Quant aux dispositions de l'article L. 241-6, III, alinéa 4 du CASF, elles ne s'appliquent pas à toute situation de rupture de prise en charge mais uniquement à la situation particulière dans laquelle, du fait d'une évolution de l'état ou de la situation de la personne accueillie, il paraît opportun de réviser la décision d'orientation prise par la CDAPH. Or il est parfois nécessaire de procéder au prononcé de la sortie d'un usager alors même que n'est pas utile la révision de l'orientation. Tel peut être le cas lorsque les besoins, les attentes ou encore le comportement de l'usager (ex : problème disciplinaire ayant pris la forme d'une violation des dispositions du règlement de fonctionnement) ne sont plus compatibles avec les éléments de définition de la prise en charge qui résultent de l'agrément, du projet institutionnel, du règlement de fonctionnement, du livret d'accueil ou du contrat de séjour.

Dans ces situations, il n'est pas question de modifier l'orientation de la personne (c'est-à-dire qu'il n'est pas utile de l'orienter vers une nouvelle catégorie d'établissements) mais il faut tirer les conséquences de cette incompatibilité déclarée ou constatée. En la matière, le pouvoir de prononcer la sortie qui appartient au directeur (à la directrice), sauf dans le cas particulier des ESAT, est circonscrit par la notion de "principe de spécialité au titre de laquelle l'établissement a été autorisé" (articles L. 241-5 à L. 241-11 et R. 241-24 à R. 241-34 du CASF, jurisprudence : Cass., Soc., 19 janvier 1995, Philippe L... c/ CDES du Maine et Loire, pourvoi n° 92-16.402) : la sortie peut être prononcée dès lors que peut être caractérisée, au vu d'éléments objectifs et probants, une incompatibilité entre les objectifs ou modalités de prise en charge de l'établissement et les besoins, les attentes ou le comportement de la personne accueillie.
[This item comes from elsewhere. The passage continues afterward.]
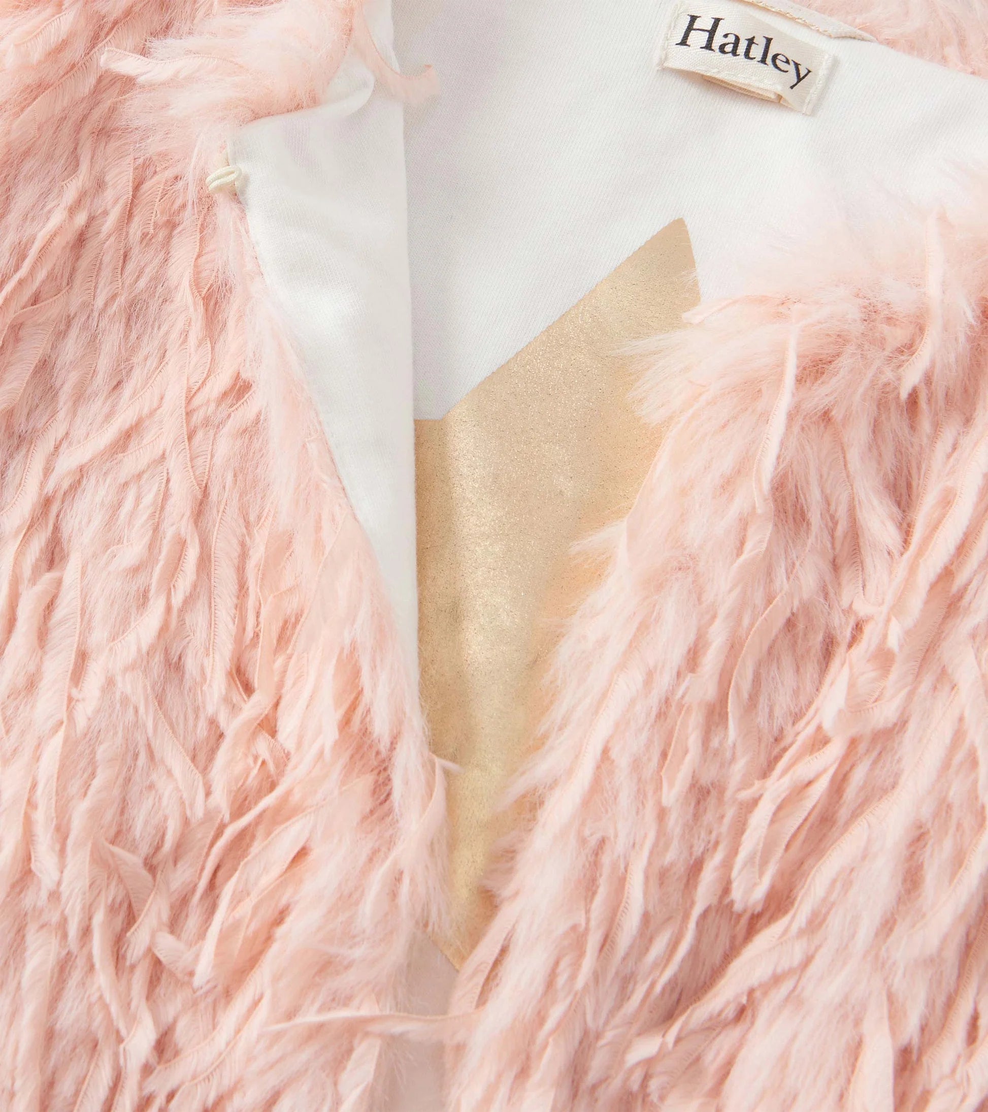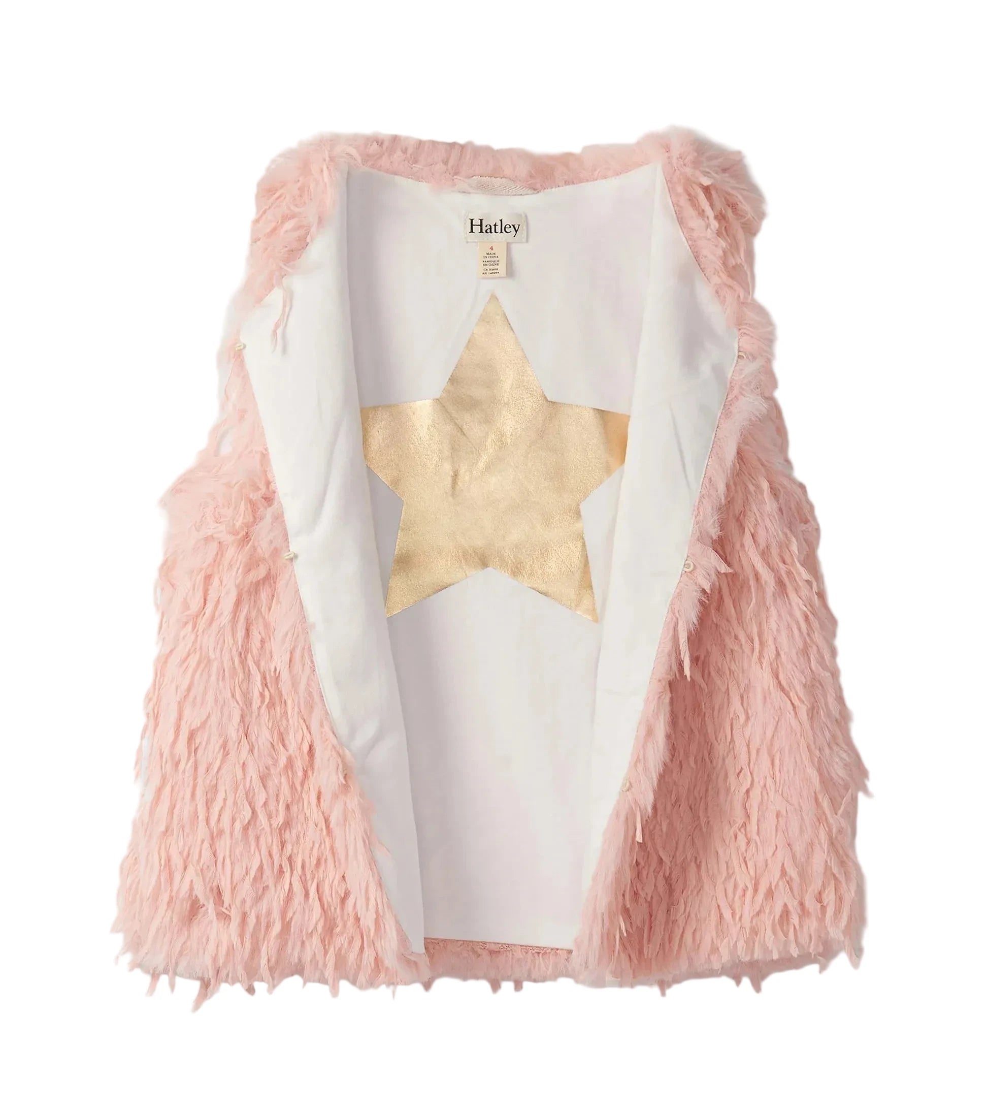 Fluffy and fabulous, the Girls Pale Pink Feather Faux Fur Vest in Pink adds cozy charm to any outfit. With a fully lined white interior, side slit pockets, and an A-line shape, it closes with three hook-and-eye fasteners and features a soft feather-like texture in light pink. A shiny gold holographic star printed inside the back adds a magical hidden touch!

Cette précision est importante dans la mesure où la décision d'orientation ne vise pas un établissement nominativement désigné mais une catégorie donnée d'établissements (ex : ESAT, FAS, FAM, MAS, etc.), sauf éventuellement dans le cas particulier dans lequel c'est la personne elle-même qui a préalablement informé la CDPAH de sa préférence pour un établissement nommément désigné (article L. 241-6, III, alinéa 3).

Par ailleurs, il convient de souligner que l'article L. 241-6 concerne le contenu de la décision d'orientation et non l'accueil de la personne dans tel ou tel établissement d'une catégorie donnée d'établissements au sens de l'article L. 312-1, I du CASF. En particulier, l'article L. 241-6 n'envisage pas le cas dans lequel la sortie de l'établissement apparaît comme la conséquence immédiate de la résiliation du contrat de séjour. C'est précisément pour anticiper ce cas de figure (résiliation provoquant la sortie) et alors que la règlementation afférente au contrat de séjour (articles L. 311-4 et D. 311) est manifestement imprécise qu'il paraît opportun de prévoir, dans le modèle de contrat de séjour, une clause précisant les hypothèses de résiliation ainsi que leurs conséquences - dont la sortie.